Thursday, November 28, 2019

Losses mount for Tata Group’s aviation ventures

Losses are mounting at the airline firms of the Tata Group – AirAsia India and Vistara. While Vistara’s losses in financial year 2018-19 nearly doubled to Rs 830 crore compared to the previous year, AirAsia’s losses quadrupled to over `670 crore in the same period. Tata Sons holds 51% stake in both airlines. Both have incurred losses through the past four financial years.

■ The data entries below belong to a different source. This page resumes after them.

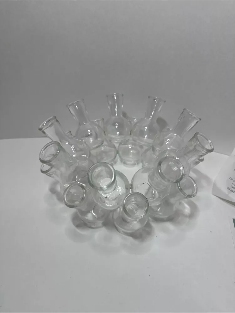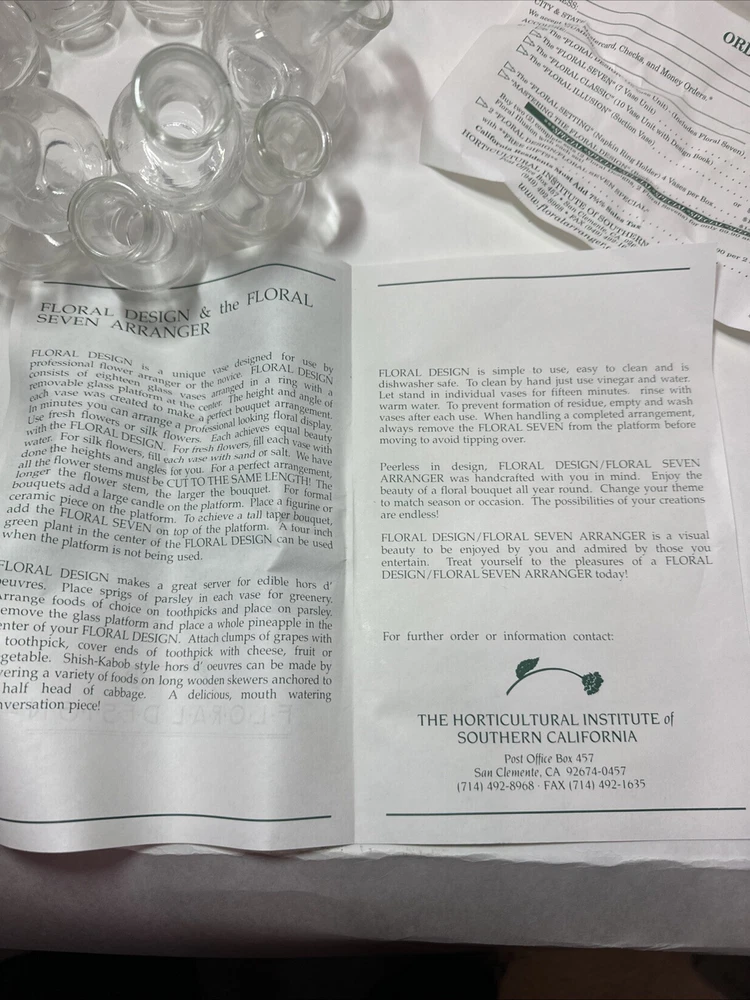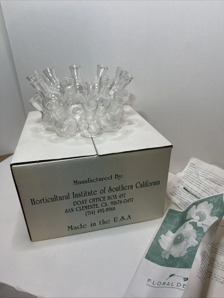 The Floral Design Set Horticultural Institute Glass Vase Arrange Propagation Station is a plant rearing set made of clear glass, round in shape, and manufactured in the United States. It is a product designed for plant care and soil accessories, specifically for seed starting accessories. The set is branded by the Horticultural Institute of Southern California.
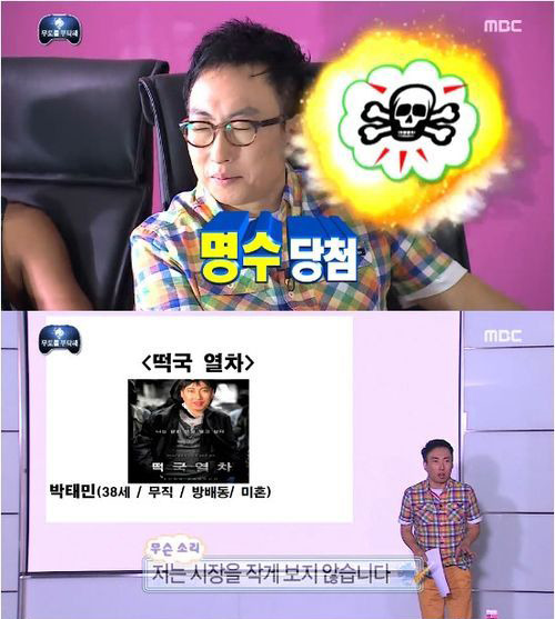 2인자 박명수의 깜찍한(?) ‘떡국열차’ 특집 제안은 MBC 주말 간판 예능프로 '무한도전'에서 이뤄졌다. 박명수는 17일 ‘무한도전’ 정규방송에서 시청자 박태민이라는 이름으로 떡국열차 특집을 하자고 떼를 썼으나 유재석 정준하 하하 노홍철 정형돈 등 멤버들의 코웃음만 당하는 설움을 맛봤다.
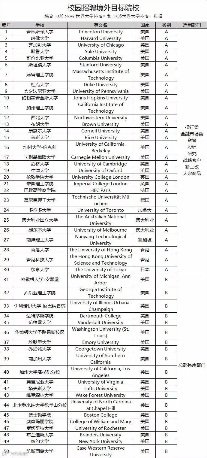 而中小券商一般没有专门的target school,但自己也会参考一些比较有名的高校排行榜,包括US News & World Report,QS,Times以及上海交大ARWU,侧重点各不同。
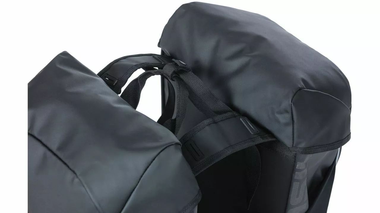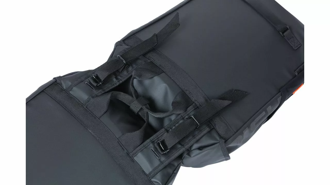 Keine Ausreden mehr und ab auf die nächste Tour! Das Wetter spielt keine Rolle. Die BASIL Doppeltasche Miles machts möglich, denn sie ist aus wasserdichtem Tarpaulin (IPX3) gefertigt und hält somit auch kräftigen Regenschauern stand. <br><br>Mit einer Kapazität von 34 Litern ist in der Doppeltasche genug Platz für Wechselkleidung. Der praktische Rollverschluss mit Druckknopf unterstützt zusätzlich, dass der Inhalt trocken bleibt. Damit du im Straßenverkehr besser gesehen wirst, ist die Tasche mit reflektierenden Elementen versehen. Kleine Schlaufen bieten die Möglichkeit, zusätzliche LED-Leuchten anzuklemmen. <br><br>Die Tasche gibt es mit zwei verschiedenen Befestigungsvarianten. Entweder ist sie mit dem Universal Bridge System ausgestattet und ist somit kompatibel mit Trägersystemen von MIK, Racktime oder BASIL DBS. Oder du wählst eine Tasche mit vormontierter MIK-Adapterplatte. Dann kannst du sie zusammen mit einer MIK-Trägerplatte auf dem Gepäckträger befestigen.
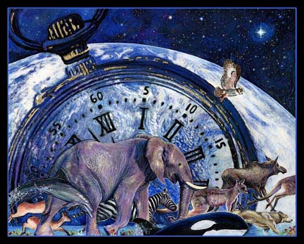 As the timepiece indicates, it could be the eleventh hour for life on earth, as we know it. But I remember Capt. Cousteau saying that if you looked at the facts and statistics with mind and reason, yes, it was hopeless, until you looked with your heart—then all things suddenly became possible. (The original is owned by dear friends—Estrella and Teresa.)
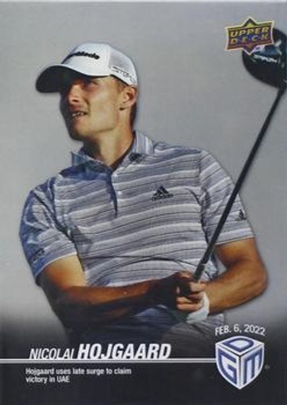 Nicolai Hojgaard's Multi-Sport cards are available in at least 2 sets. Nicolai Hojgaard's biggest 7-day price movers are 2022 Upper Deck Game Dated Moments #5 Silver, 2022 Upper Deck Game Dated Moments #5 Base, and 2022 Upper Deck Game Dated Moments #5 Gold.
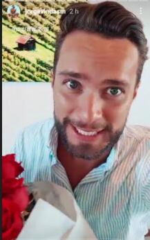El galán le llevó 100 rosas rojas a su amada, la periodista Fiorella Mora, con la que tiene unas semanas saliendo.
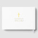 This elegant real foil guestbook makes a luxurious keepsake for a bride and groom and is a beautiful way for wedding guests to express their appreciation. The front cover and back cover of the guestbook feature the cross in real metallic foil. There is real metallic foil text on the front cover, on the spine and on the back cover of the guestbook; the text is easy to personalise online before ordering.
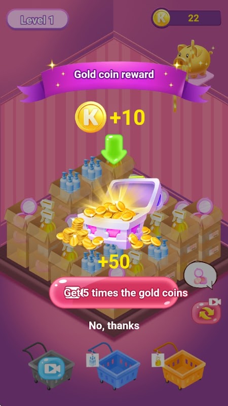 A puzzle game. Use clicks to perform operations. When three identical cardboard boxes are found and placed in the corresponding handcart, they are eliminated and scored. Game objective: Reasonable operation and smooth clearance.
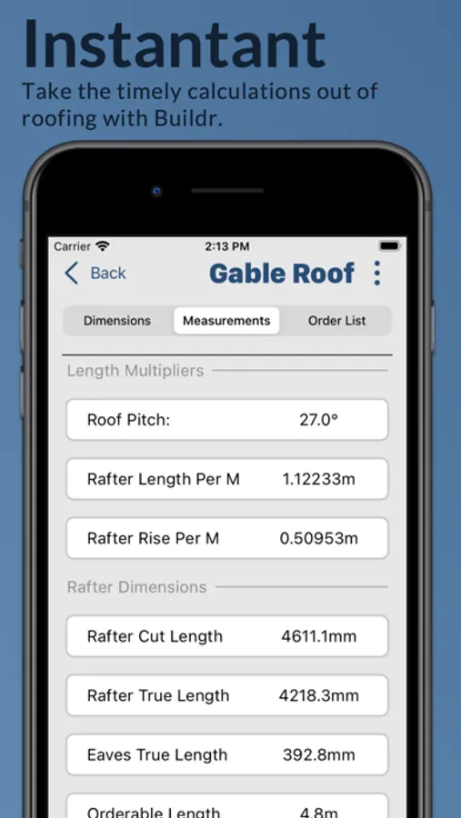 Built with a comprehensive suite of functions, Buildr simplifies complex construction math. Whether you're planning a roofing project, designing a staircase, or dealing with cubic and square meter tallies, our tool does the heavy lifting for you. Our user-friendly interface allows you to navigate the app with ease, ensuring each job becomes faster, and more efficient.
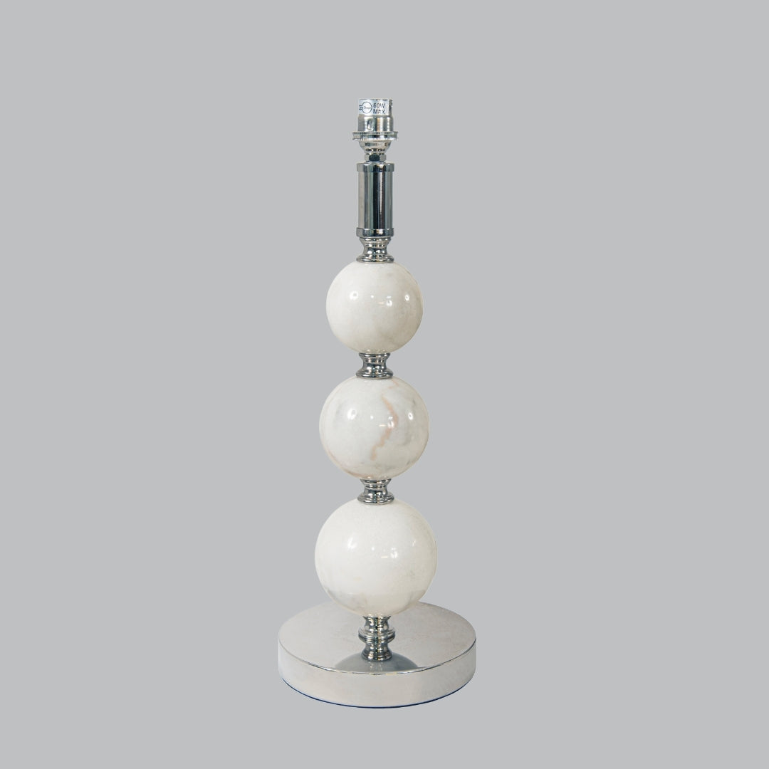 Dante is a sleek table lamp base, ready to customise with your choice of shade. Its design, featuring three white marble spheres, suits modern interiors. Perfect for bedsides or desks.
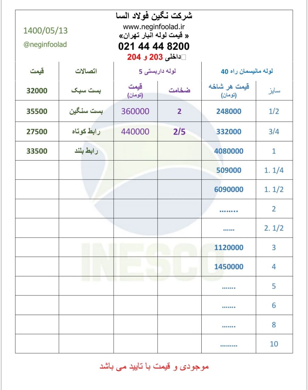 🌼1400/05/13🌼 #قیمت_لوله_مانيسمان 📱@ahanplus_co ✔️جهت تایید قیمت و موجودی با آهن پلاس در ارتباط باشید✔️ 📞 02144384230 📞 02144376579
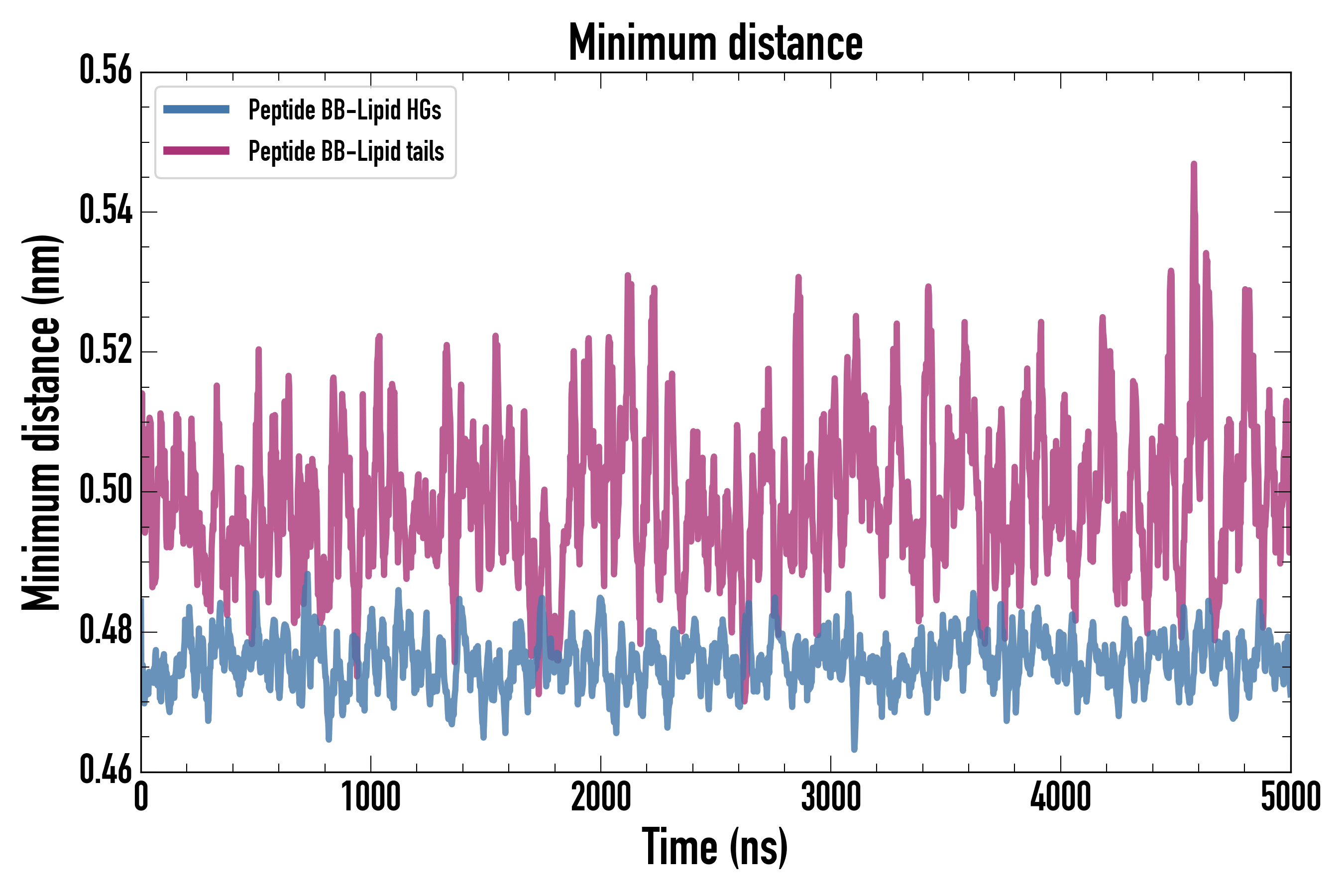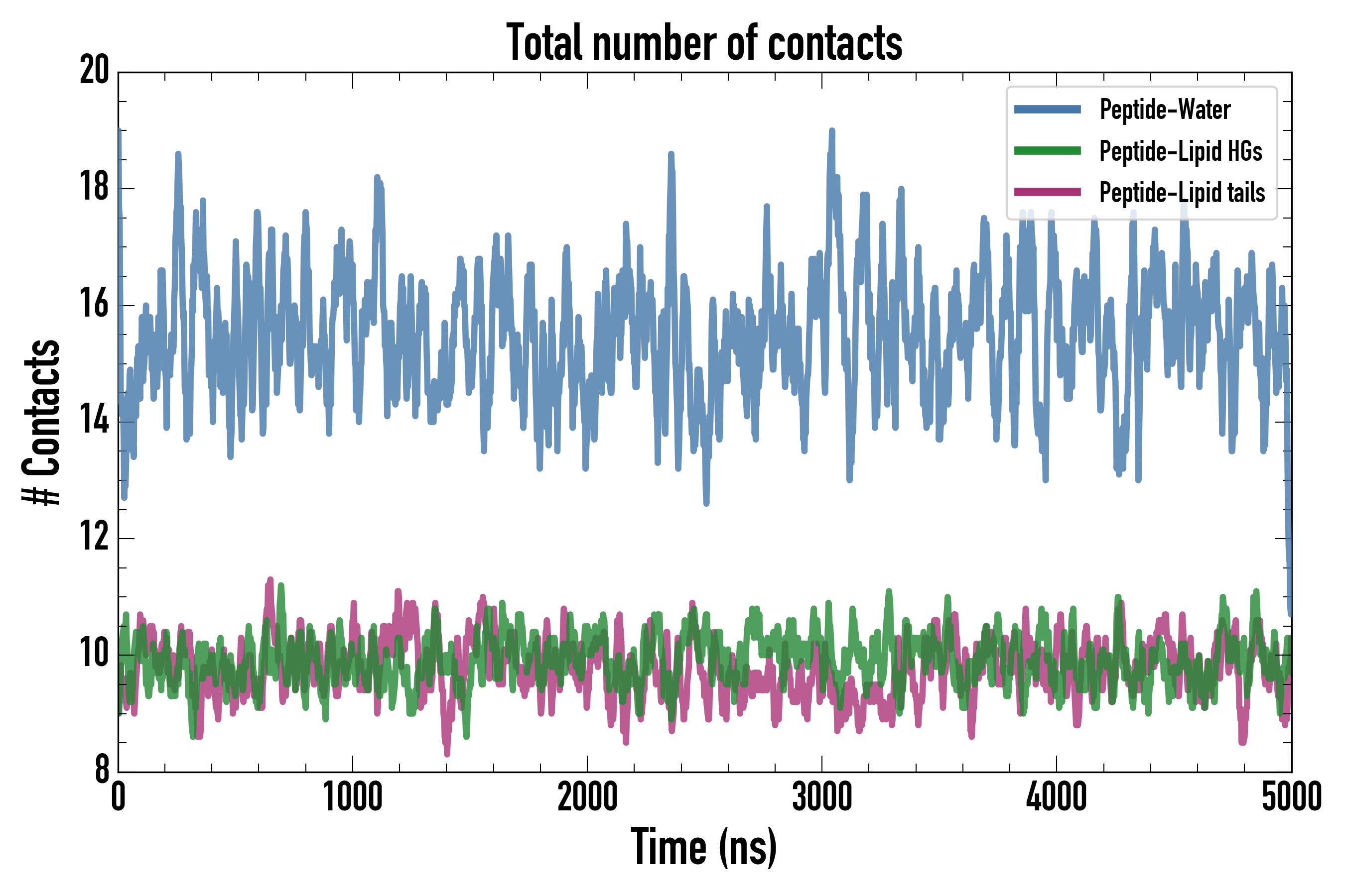 Number of contacts between each residue of the peptide backbone and the different lipid types, averaged over the last microsecond and using a cut-off of 0.6 nm.

In FY19, AirAsia’s other expenses saw a 70% y-o-y increase to Rs 2,830.62 crore. The airline’s liabilities went up 84% y-o-y to Rs 1,537.07 crore during the year, on account of its trade payable more than doubling to `827.8 crore. The airline saw a net decrease in cash and cash equivalents of Rs 103.67 crore in FY19 against a net increase of Rs 93.47 crore in FY18.
The Tata Group infused over Rs 307 crore capital into AirAsia in FY19, according to data sourced from the ministry of corporate affairs (MCA). Tata Sons also bought 2% stake from two other shareholders, taking the company’s total holding in the airline to 51% in FY19.
The company’s auditors last year had also expressed “material uncertainty about the company’s ability to continue as a going concern,” according to financials filed by the company with the MCA.

Vistara’s losses in FY19 were primarily on account of 48.3% y-o-y increase in other expenses to Rs 3,436.31 crore. The airline’s finance costs more than doubled y-o-y to Rs 19.01 crore. The full-service carrier’s liabilities rose 41.5% y-o-y to Rs 1,123.96 crore, of which trade payables consisted of `302.73 crore, up 50% y-o-y.

The net increase in cash and cash equivalents during FY19 stood at `204.63 crore, down 23.4% y-o-y. Total capital infusion into Vistara during FY19 stood at Rs 2,200 crore, of which Tata Sons, along with nominees, infused `1,122 crore.

One of the challenges for Vistara, a joint venture between the Tata Group and Singapore Airlines, is that the full-service model has been a challenge, said analysts.